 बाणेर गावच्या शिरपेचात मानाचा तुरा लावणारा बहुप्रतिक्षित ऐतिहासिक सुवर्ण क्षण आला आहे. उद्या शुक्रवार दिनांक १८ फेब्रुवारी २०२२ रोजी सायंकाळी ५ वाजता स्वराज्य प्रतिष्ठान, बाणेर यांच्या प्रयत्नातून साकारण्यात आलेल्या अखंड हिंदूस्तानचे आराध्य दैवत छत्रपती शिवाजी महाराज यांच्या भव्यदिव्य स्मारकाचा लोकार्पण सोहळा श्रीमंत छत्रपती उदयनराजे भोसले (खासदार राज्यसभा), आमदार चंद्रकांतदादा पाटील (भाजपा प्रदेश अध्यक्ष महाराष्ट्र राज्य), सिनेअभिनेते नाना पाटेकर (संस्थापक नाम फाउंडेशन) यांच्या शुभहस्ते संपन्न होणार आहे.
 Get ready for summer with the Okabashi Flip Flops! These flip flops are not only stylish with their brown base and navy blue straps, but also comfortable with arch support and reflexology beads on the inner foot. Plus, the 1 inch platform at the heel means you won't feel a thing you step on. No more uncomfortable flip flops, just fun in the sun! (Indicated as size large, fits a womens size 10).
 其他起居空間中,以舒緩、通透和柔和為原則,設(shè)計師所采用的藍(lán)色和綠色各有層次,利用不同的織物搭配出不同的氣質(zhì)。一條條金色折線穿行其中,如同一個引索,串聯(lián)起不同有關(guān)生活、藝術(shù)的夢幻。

==

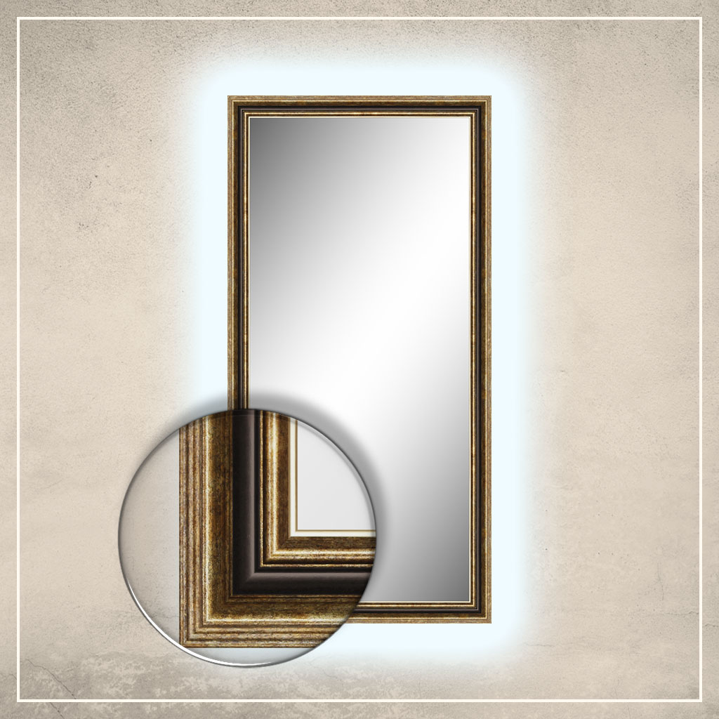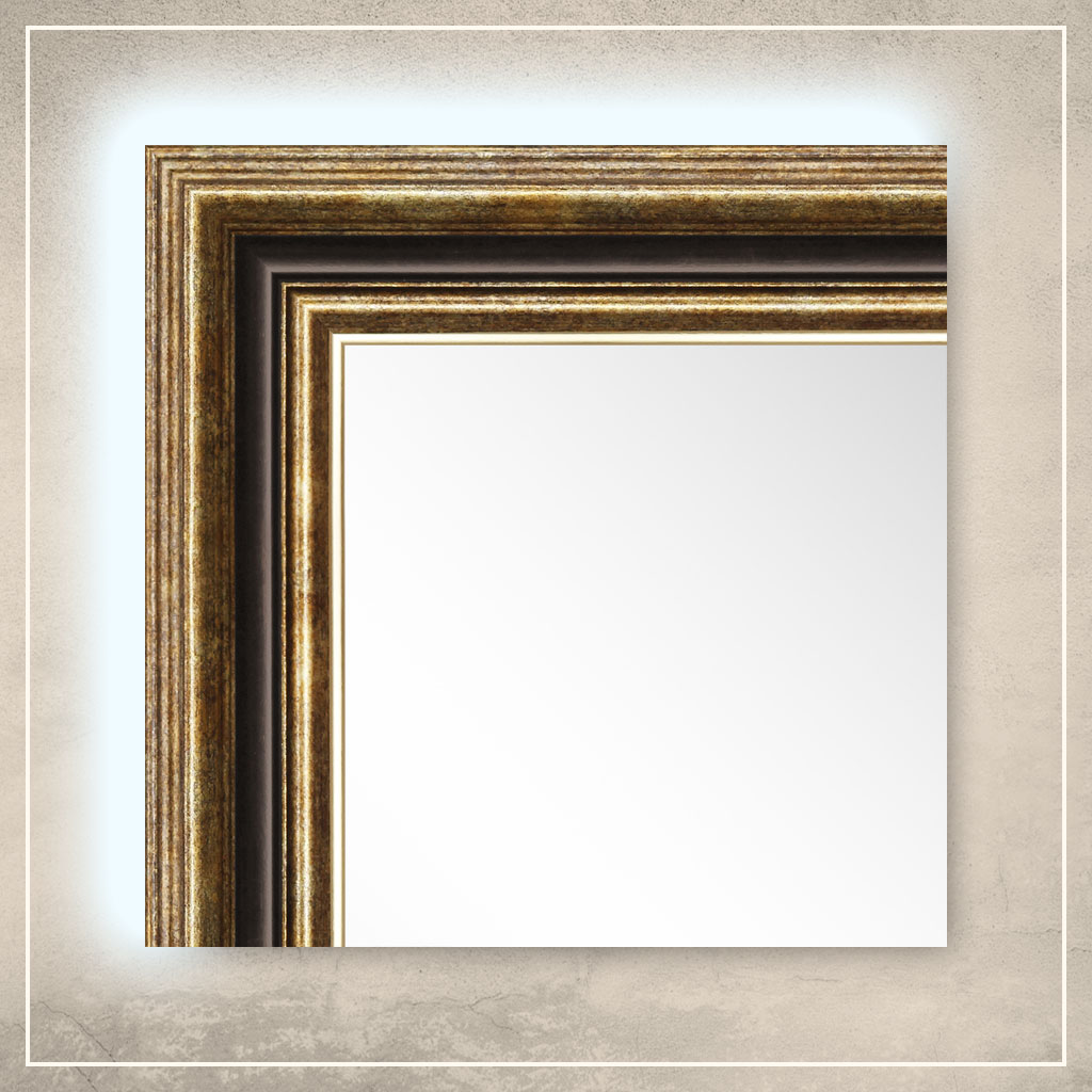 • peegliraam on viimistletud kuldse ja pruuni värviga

---

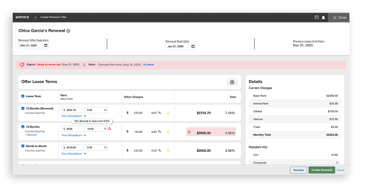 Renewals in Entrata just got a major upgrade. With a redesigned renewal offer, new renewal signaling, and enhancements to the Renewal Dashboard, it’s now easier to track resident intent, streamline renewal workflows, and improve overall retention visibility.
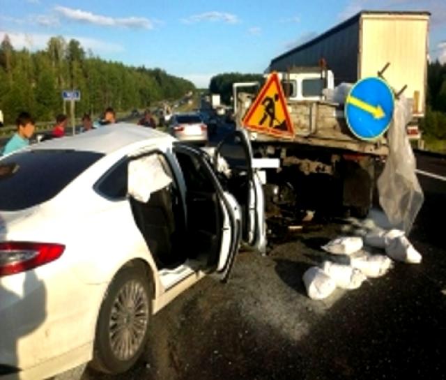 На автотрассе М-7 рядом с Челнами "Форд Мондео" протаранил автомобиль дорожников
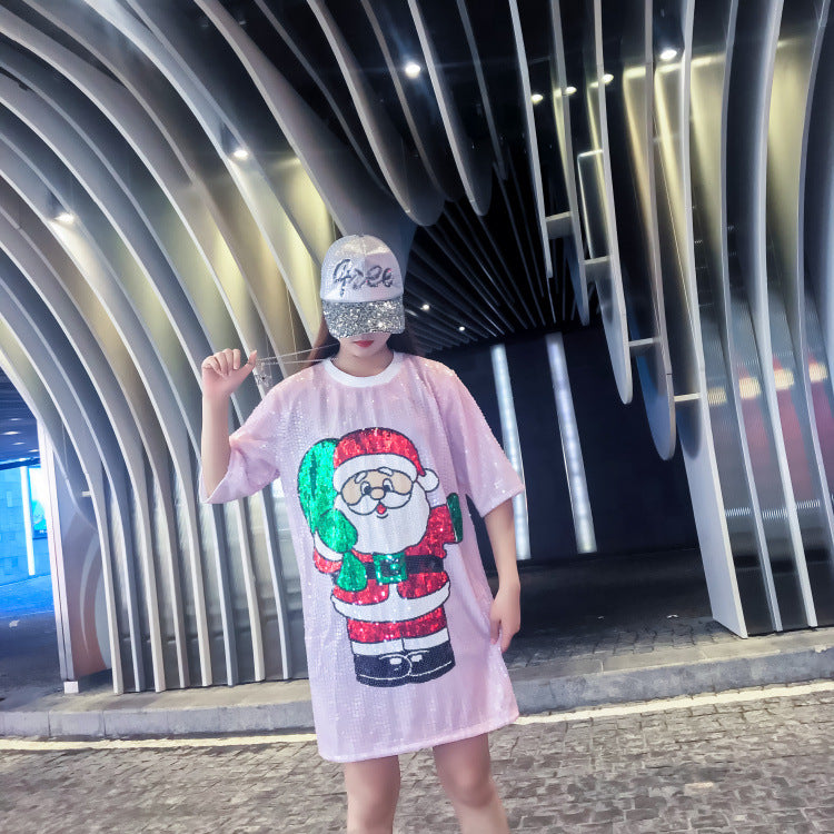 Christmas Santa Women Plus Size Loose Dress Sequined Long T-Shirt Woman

Exercise description: Reproduce exactly the entries above, limited to the lines from the one with "बाणेर गावच्या शिरपेचात" through the one with "其他起居空間中,以舒緩、通透", both included.

Answer space:
 बाणेर गावच्या शिरपेचात मानाचा तुरा लावणारा बहुप्रतिक्षित ऐतिहासिक सुवर्ण क्षण आला आहे. उद्या शुक्रवार दिनांक १८ फेब्रुवारी २०२२ रोजी सायंकाळी ५ वाजता स्वराज्य प्रतिष्ठान, बाणेर यांच्या प्रयत्नातून साकारण्यात आलेल्या अखंड हिंदूस्तानचे आराध्य दैवत छत्रपती शिवाजी महाराज यांच्या भव्यदिव्य स्मारकाचा लोकार्पण सोहळा श्रीमंत छत्रपती उदयनराजे भोसले (खासदार राज्यसभा), आमदार चंद्रकांतदादा पाटील (भाजपा प्रदेश अध्यक्ष महाराष्ट्र राज्य), सिनेअभिनेते नाना पाटेकर (संस्थापक नाम फाउंडेशन) यांच्या शुभहस्ते संपन्न होणार आहे.
 Get ready for summer with the Okabashi Flip Flops! These flip flops are not only stylish with their brown base and navy blue straps, but also comfortable with arch support and reflexology beads on the inner foot. Plus, the 1 inch platform at the heel means you won't feel a thing you step on. No more uncomfortable flip flops, just fun in the sun! (Indicated as size large, fits a womens size 10).
 其他起居空間中,以舒緩、通透和柔和為原則,設(shè)計師所采用的藍(lán)色和綠色各有層次,利用不同的織物搭配出不同的氣質(zhì)。一條條金色折線穿行其中,如同一個引索,串聯(lián)起不同有關(guān)生活、藝術(shù)的夢幻。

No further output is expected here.